Posterior Probability

  • What if we want to compute the probability $\Pr(X_v=a | X_1=x_1, X_2=x_2,\dots X_n=x_n,T,R)$? We are interested in the sequences of ancestral genomes.
  • The algorithm is similar to forward-backward algorithm for HMMs.
  • We need $B[v,a]$: the probability of data if we replace subtree $v$ with a leaf having base $a$.

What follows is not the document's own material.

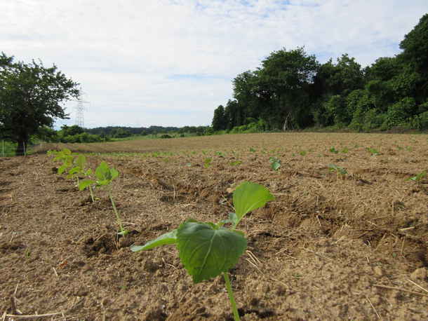 育苗ポットから出た苗たちは、これから畑の養分を吸ってみるみる大きく育っていくと思うと楽しみです♪

    • i.e., probability of all data except subtree rooted at $v$
  • We compute $B[v,a]$ from root to leaves.
  • At the root we have $B[v,a] = q_a$.
  • At vertex $v$ with parent $u$ and sibling $x$ we have $B[v,a]=\sum_{b,c} B[u,b]A[x,c]\Pr(b\stackrel{t_v}{\rightarrow} a) \Pr(b\stackrel{t_x}{\rightarrow} c)$.
  • The desired probability is $B[v,a]A[v,a] / \Pr(X_1=x_1, X_2=x_2,\dots X_n=x_n|T,R)$.